When the trail ended at the river, Azula's eyebrow started to twitch. She snapped at Mai and Ty Lee, who fled from her on lizardback. They came back to report traces of fur washed downstream. They then stayed absolutely silent, not even asking for their next order, because they had self-preservation instincts.
"Back to the war machine," Azula commanded. They obeyed. As she watched her allies go, the horrible itching in Azula's chest grew and grew until she was forced to electrocute the entire river. Something had gone wrong! Her plan had failed! How could it fail? No plan of hers ever failed. She had accounted for everything she could have. She hadn't done anything wrong or been negligent in any way. It was perfect. It should have worked.
How was she going to explain this? She'd been so confident. Mai and Ty Lee had seen her confidence, and they'd also personally witnessed her failure. She would have to be extra harsh on them to ensure they did not dishonor her.
Azula took deep breaths and reminded herself that every mission, whether successful or not, was a learning experience. What had she learned? Clearly, there was some unexpected factor in play. Chaos had not broken out, and the Avatar's crew had figured out what was going on rather quickly. They were cooperating. Perhaps Zuko had fully changed sides, not just performed his usual flip-flopping. More likely, they had already gotten sick of him and stranded him in the Earth Kingdom, dumping him off so quickly that Mai and Ty Lee hadn't noticed it. Azula's gut soured. She'd made the same mistake her father had. She had believed in Zuko, trusted him, when she shouldn't have. He was no use at all, not even as a living bomb. He really was good for nothing.
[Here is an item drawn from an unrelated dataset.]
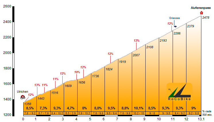 | Altitud: 2478 m | Desnivel: 1120 m | Longitud: 13.10 km | % máx: 13 % | % medio: 8.5 % | Coeficiente: 303 |

Azula tried not to, but she thought about her brother as the war machine packed up and the pilots set a new course for the nearest Fire Nation base. Her gums itched and she couldn't sit still. What was his purpose? Why did he exist? Family was supposed to be what you could count on. For all their differences, they were still family, and it had been sort of nice to be able to count on him. Ah, Zuko: good ol' reliable screwup. But now, he wasn't a reliable agent. Nor was he a reliable screwup. He wasn't a reliable anything.
Azula felt hurt, betrayed, abandoned.
She packed up her feelings and put them aside as the war machine got moving again. She would simply have to inform Father that Zuko was no longer part of their family. She was her father's only child now. That would make her heir to the throne, so really, Zuko had done her a favor.
She repeated that thought to herself over and over again, drowning out her own pounding heartbeat. She refused to pace, and she took her lunch like usual despite her stomach's complaints. Nothing was wrong. Everything was going well. With Zuko out of the way, there was nothing in between her and her father's stern regard. Nothing…at…all.
.
A/N: I have some stuff going on in my personal life right now. I'd like to try something I've never done before. I'd like to try taking a monthlong hiatus. I've always been afraid to do that, fearing that my own procrastinatory tendencies would take over, turning one of my own stories into yet another sad statistic about "dead fics." But now, after years of diligent writing, I'm confident that my relationship to my own stories is strong enough that I would never allow them to die. So I will take a 4-week hiatus on this fic. 4 weeks from now, on October 3rd, I will resume posting. I guess that makes the length of the hiatus only 3 weeks, but that's still longer than anything I've had before, so I'll try it. Hopefully it helps.